In London River (1921), Tomlinson recollects the Thames
as though in a dream, wandering through time and space as his inclination and
imagination dictates in the manner of a river in its later stretches, in no
hurry to reach the sea. He recalls standing by the dockside as a boy-messenger
for the shipping company which employed him. Looking over a clipper bound for
the Brazils he spots the black-bearded Captain watching him. ‘What are
you waiting for?’ shouts the Captain. ‘Come aboard!’ For a moment, Tomlinson
hesitates on the brink… ‘Come aboard!’ To Brazil. But like the responsible
young man he is, he remembers the package under his arm and the official errand
he is on and he goes about his business. But ever-after he wonders… what might
have been?
It wasn’t until 1911 that Tomlinson finally made it to
Brazil. After years of submitting articles to newspapers he was hired by The
Morning Leader in 1904 to cover shipping and seafaring stories. It was on
assignment for the Leader that he travelled on the first English vessel
to journey up the Amazon River, a distance of 2,000 miles. Curiously enough,
for a man so closely associated with the sea, it was Tomlinson’s first Ocean
voyage - he was thirty-eight years old - and the result was his first book, The
Sea and the Jungle (1912). And if Tomlinson is remembered at all today it
is generally for this work which is regarded as one of the greats of travel
literature.
When the First World War began in 1914 Tomlinson became a
correspondent for the Daily News which had merged with the Morning
Leader in 1912. Tomlinson’s reports from the front were frank in their
depiction of the carnage of the war and after being deemed too ‘humanitarian’ he
was eventually recalled. Tomlinson was from then on outspoken in his contempt
for the waste and destruction of war, which became either the main or peripheral topic in more than a few of his books.

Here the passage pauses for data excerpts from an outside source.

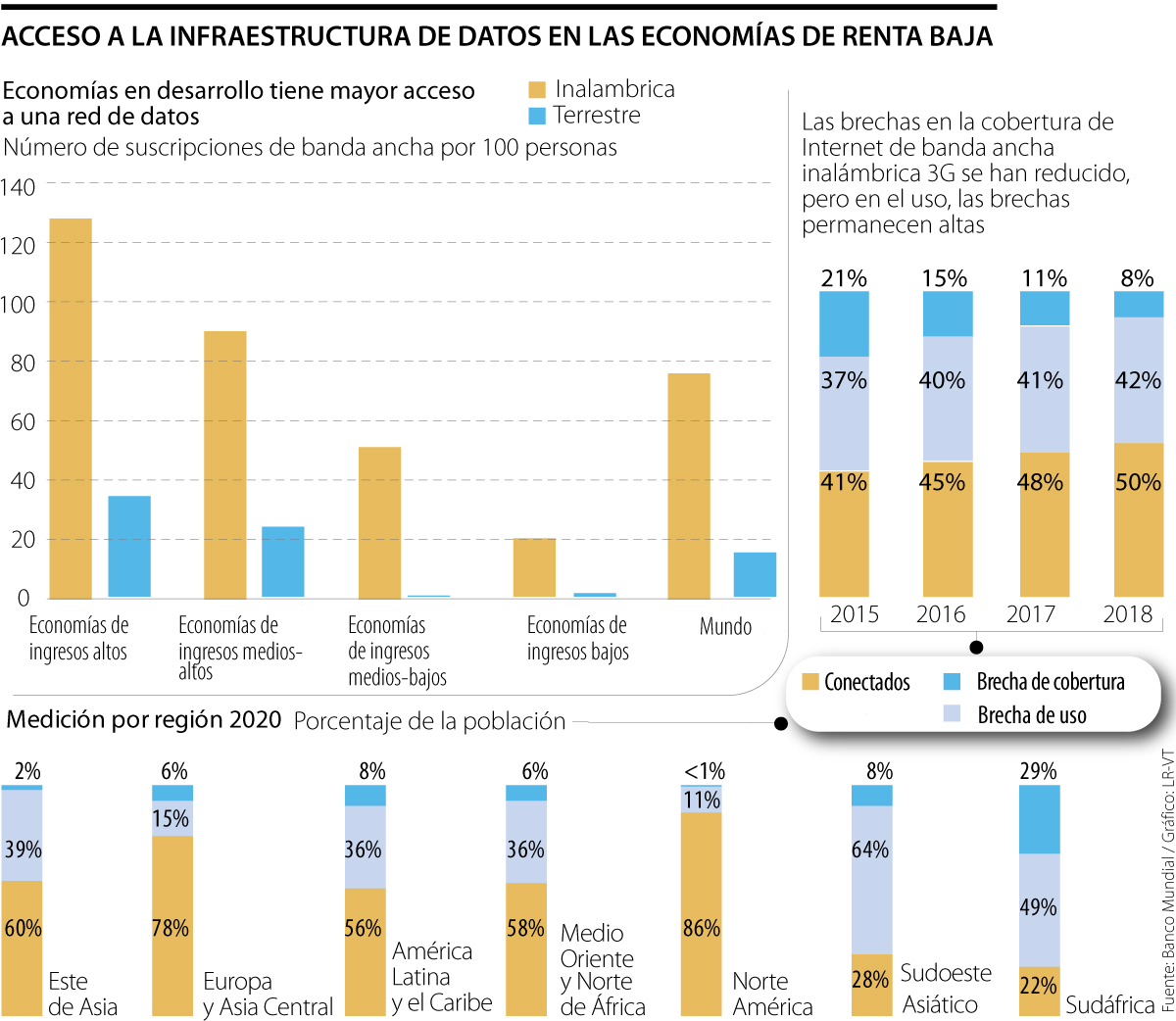 De acuerdo con el informe ‘Data for Better Lives’, presentado por el Banco Mundial, durante 2020: cerca de 600 millones personas alrededor del mundo vivieron sin acceso a internet; otros 3.800 millones no utilizaron el recurso, aun teniendo una señal de banda ancha móvil disponible; y 48% de los residentes en países de economía emergentes tuvieron dificultades para pagar el uso de datos móviles. En tanto, 42% de los usuarios restringió con frecuencia la cantidad de datos que usa.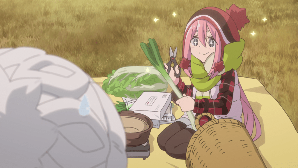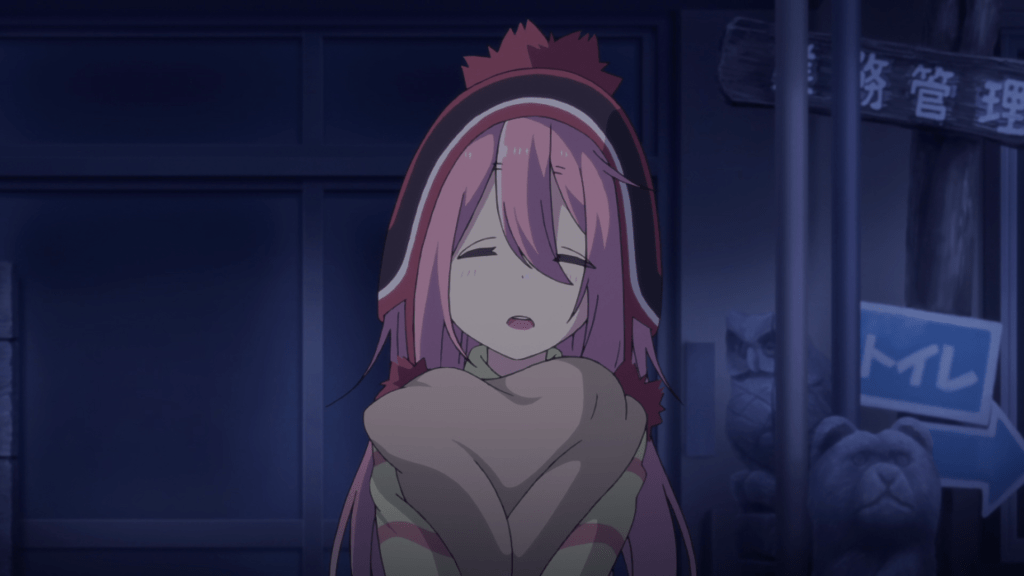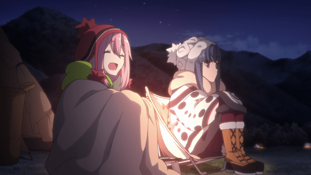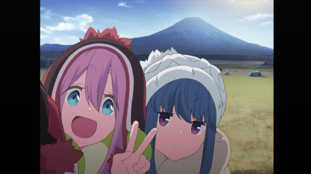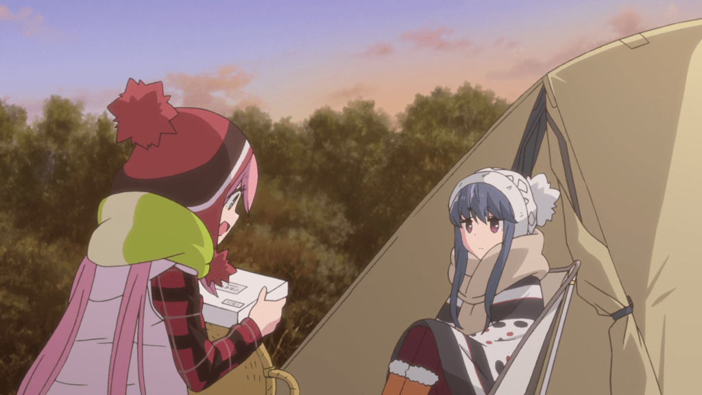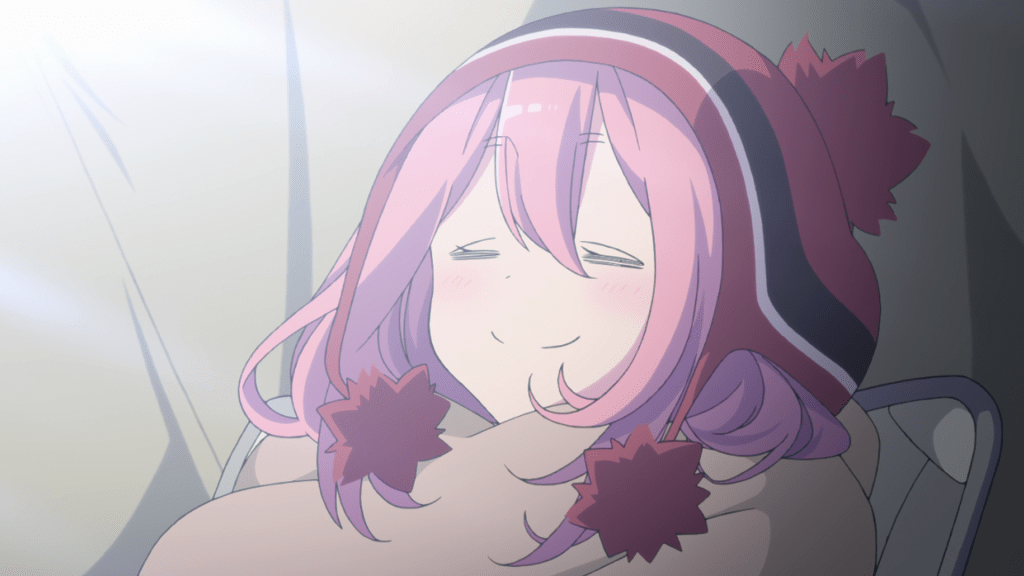 I love that there’s build up to the sunrise. You have Nadeshiko groggily walking back to Rin’s tent with a blanket in tow and the sky gradually getting brighter. Just as she turns to adjust her seat, the sun fully rises, giving both Nadeshiko and the viewer a stunning sight to behold. It’s further enhanced by the music, starting off quietly and gradually getting louder until it blasts you with its sound at just the right moment. The best part of the scene however is that after putting this much effort, Nadeshiko decides it’s too bright outside and goes inside Rin’s tent to sleep some more. It kills the mood so quickly but it’s also so realistic and within Nadeshiko’s character to do that I can’t help but find it funny.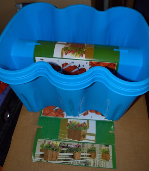 Prodam dva modra cvetlična korita za balkon/ograjo.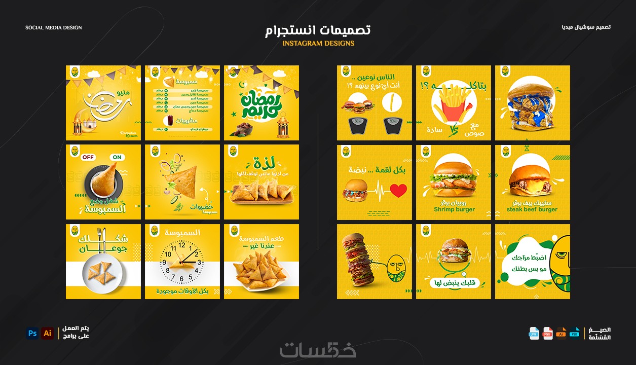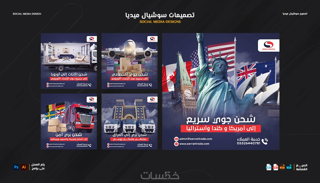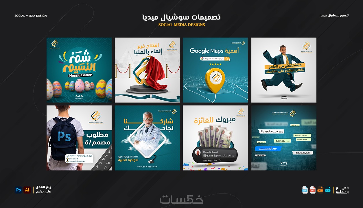 إرسال التصميم بمقاسات متعددة (فيس بوك - انستجرام - تويتر ….. ).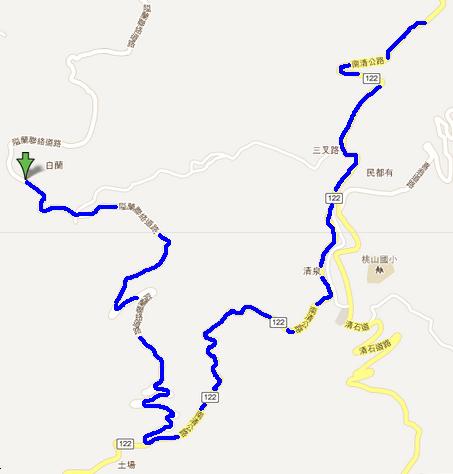 - 122 縣道 50.4 公里 (122 縣道終點處) 右轉隘蘭聯絡道路往白蘭部落方向 (路徑圖一)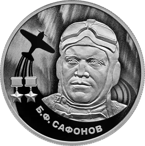 Реверс: рельефные изображения портрета дважды Героя Советского Союза Б.Ф. Сафонова и медалей «Золотая Звезда» на фоне выполненных в технике лазерного матирования изображений силуэта летящего самолета, оставляющего за собой след, и северного сияния; под портретом полукругом расположена рельефная надпись «Б.Ф. САФОНОВ».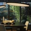 Bogotà è un nome rotondo, morbido che rappresenta perfettamente questa lampada a sospensione, disegnata da Massimiliano Raggi e prodotta dal marchio Contardi. Un elemento leggero, fluido come un oggetto lanciato in alto e che resta sospeso. Un’idea di leggerezza e allo stesso tempo di materia che dichiari la sua contemporaneità e che si inserisca nei nostri interni con decisione ed eleganza. La parte luminosa rivestita in paglia di Vienna inserita in questo ovale laccato nero ha un sapore vintage e molto attuale, uno stile che ci rimanda ad alcuni interni degli anni 60-70 del modernismo brasiliano e sudamericano. La versione con la parte centrale rivestita in tessuto stampa marmo è più assoluta ma sempre identificativa ed attuale. Disponibile anche con paralume in tessuto di cotone bianco.
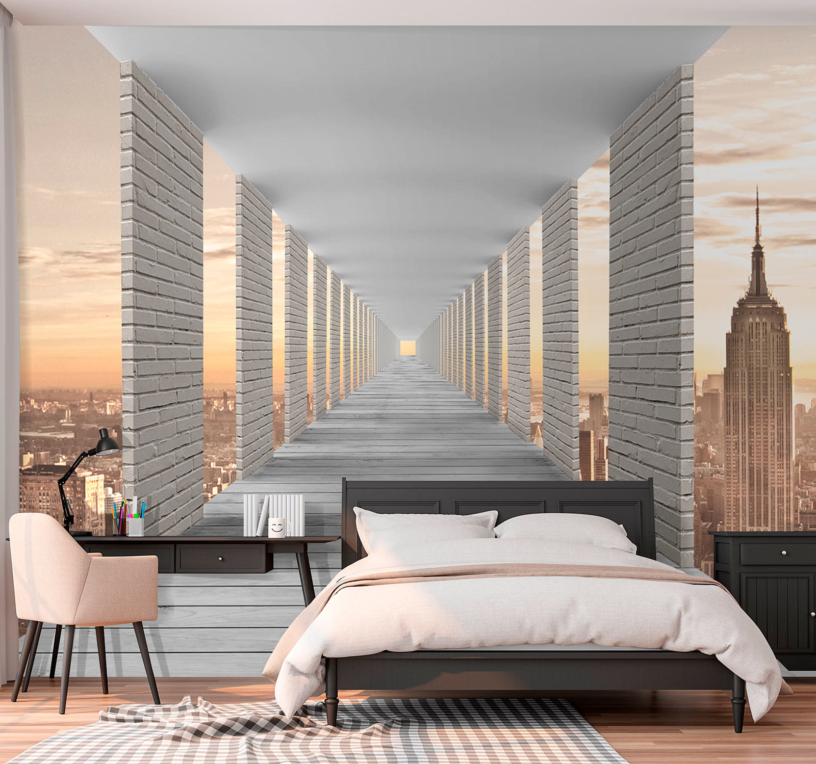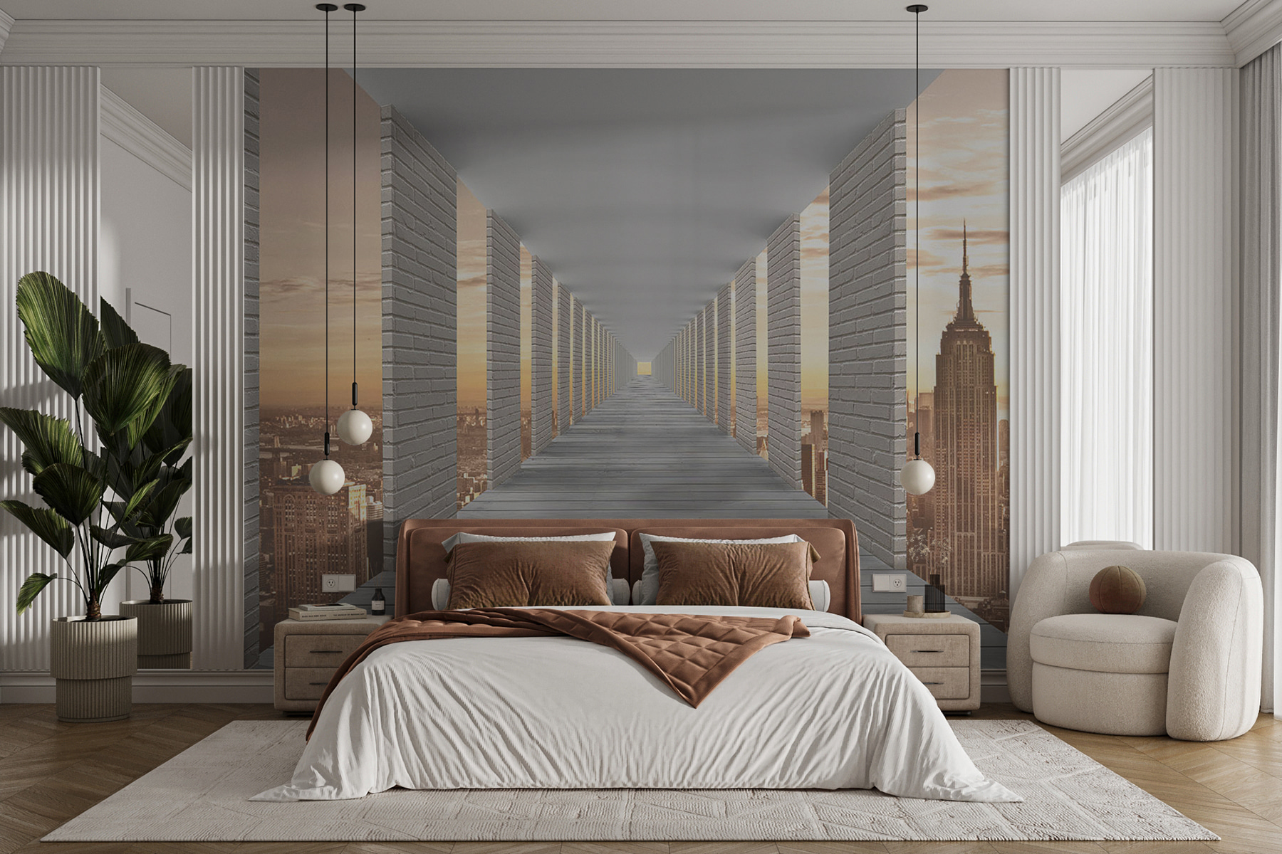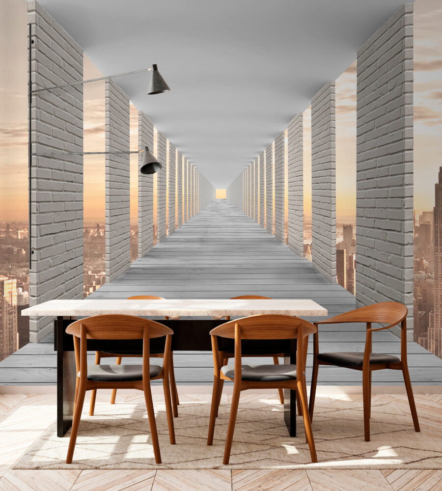 Imaginați-vă că aveți această pictură murală de vis pe perete, unde un hol nesfârșit duce la un peisaj urban magic. Liniile reci și ascuțite ale clădirii înalte și ferestrele nesfârșite dau spațiului tău un sentiment de profunzime – aproape ca și cum camera ta ar fi crescut și ar fi atins un cu totul alt nivel de sofisticare. Nuanțele calde ale apusului de soare din afara “ferestrelor” aduc o atmosferă confortabilă, dar expansivă, perfectă pentru a visa cu ochii deschiși sau pentru a vă preface că vă aflați într-un loft urban de lux. Este ca și cum pereții dvs. au descoperit că pot evada fără să vă lase în urmă! Transformă complet un perete fad într-un subiect de conversație. Vibe-ul acestei picturi murale este atât de… city-chic, știi? Și cine nu și-ar dori un pic din asta în camera de zi sau în birou?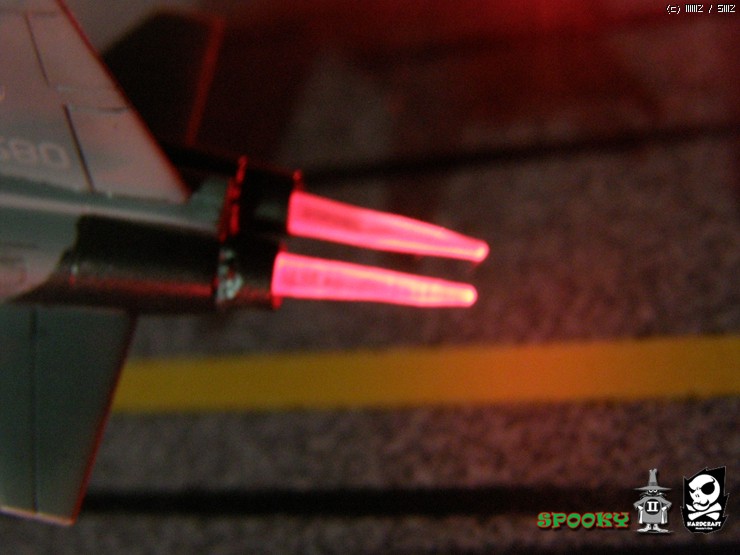 애프터버너 불꽃을 재현해보려고 투명런너를 깎아 노즐에 꽂아주고 LED와 연결했습니다.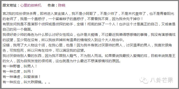但你知道中二boy心里是怎么想的吗?后来他接到了电视剧《赏金猎人》,饰演一个性格彪悍的纨绔子弟白少群,虽然是只是男三号,但陈晓很兴奋,觉得是大人物!于是写了一篇博客: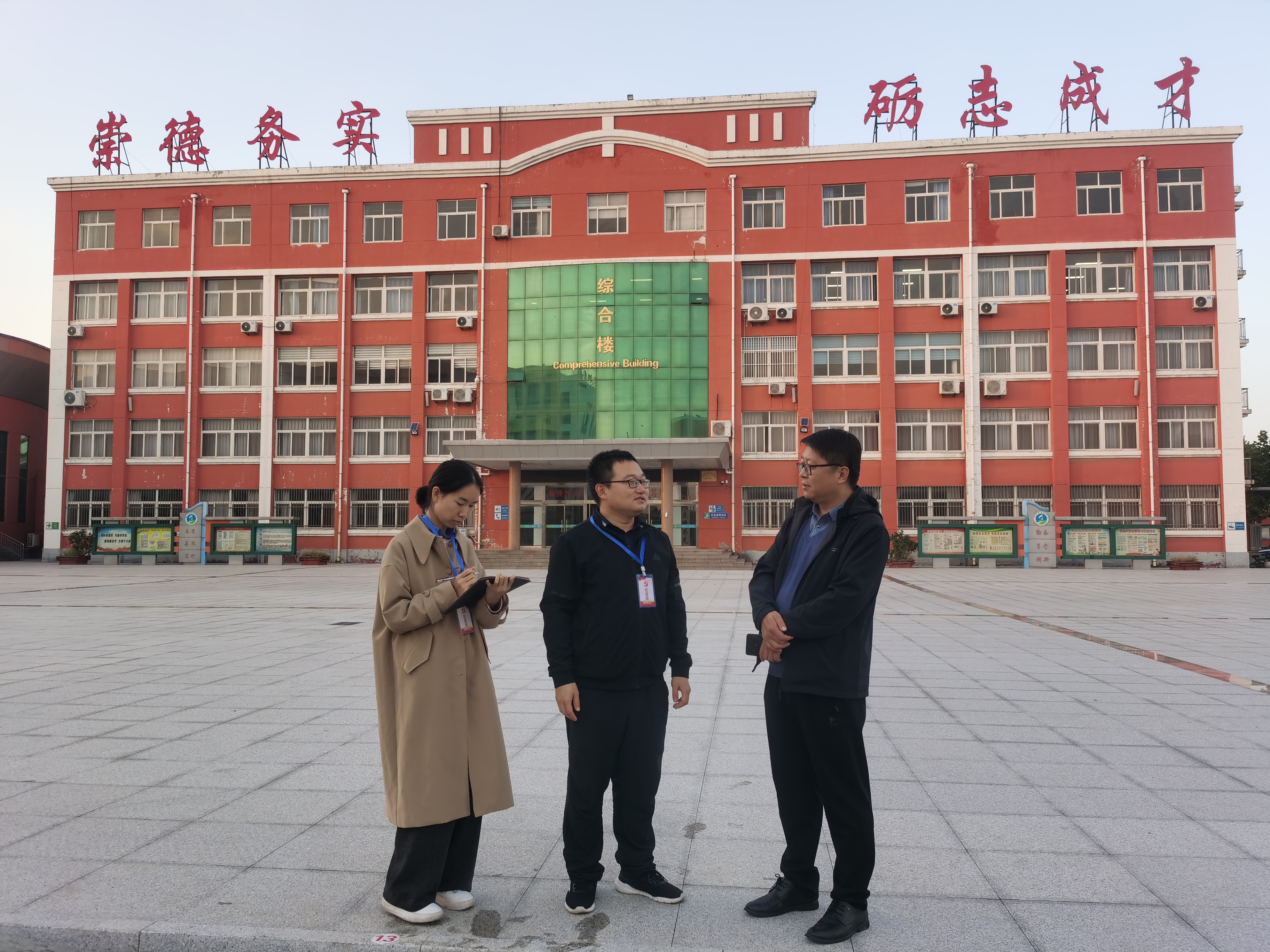兴福镇纪委紧扣以“办好人民满意教育”为目标,将校园优化提升纳入监督重点。近日,兴福镇纪委对镇域内学校基础设施维护、改造进度与质量开展嵌入式、跟进式监督检查。从中小学校园安全和膳食经费管理监督到校园环境提升工程,兴福镇纪委聚焦师生关切,通过定期调研、精准督办、跟踪回访等方式,持续压实职能部门责任、提升工作效能,推动解决师生“急难愁盼”,用“监督力度” 提升师生“幸福温度”。图为兴福镇纪委工作人员对博兴四中兴福校区楼前广场维修改造工程开展监督检查。

Following the war, Tomlinson published a number of collections of
essays: Old Junk (1918); London River (1921); Waiting for Daylight
(1922); Tidemarks (1924); Gifts of Fortune (1926); Under the
Red Ensign (1926); until, in 1927, he published his first
novel, Gallions Reach. He was fifty-three years old. In 1928 Tomlinson produced his second novel, Out
of Soundings. Both novels were moderately popular with the public but
critics found fault with plot and character while praising the expository
passages. It was, though, the extensive use of such passages which were felt to
undermine the quality of the books as novels. The form of the novel,
especially the popular novel as conceived in the 1920s, would seem to serve as
a constraint to Tomlinson. He is at his best, like a number of the authors I
intend to include in this blog, when he is allowed to wander as his heart
dictates, to digress and speculate, and not to be tied to the artificial
contrivances of plot and character. Tomlinson may have realised this and, in
responding to critics of Norman Douglas, he may also have been responding to
his own critics.
In 1931 Tomlinson wrote a monograph on Douglas. He begins by commenting on critics who find it
‘useful to disintegrate literature into varieties, just as distinctions are
made in poultry’. It is worthwhile to quote him at length, bearing in mind
how apt his comments are to his own circumstances as well as Douglas’s.
'Though
it is true a novel may be a form of poetry, and both verse and fiction may be... indirect ways to autobiography, yet clearly if
literature were allowed to remain as simple as that it would be very confusing
for everybody. Not many critics and not all professors of literature would know
how to pick it up… and as illiterate readers and helpless students would be
without skilled direction, no signpost anywhere, they might by chance take a
book, and not give a thought to its class, never bother whether it was this or
that, but just drift into an adventure of the mind.
'So
one author will have to be an essayist... and another a
critic, and another must be classed a writer of travel-books; others will be
novelists… the works of those various writers are segregated in the library,
tribes divided by yet inexorable barriers, and readers who enjoy the liveliness
of characters in fiction are thus kept from wasting their time… D.H. Lawrence,
known as a novelist, in consequence receives a wide and fixed attention, an
attention both serious and fervid… On the other hand, Norman Douglas, who has
given us some of the best narrative prose we have had this century, has had
scant consideration…
'When
we have decided that an object is a thing in itself we must name it. The name,
unluckily, dismisses it; our curiosity goes from it; it is then lost in our
incorrigible mental sloth. It is a travel book… we can pass on…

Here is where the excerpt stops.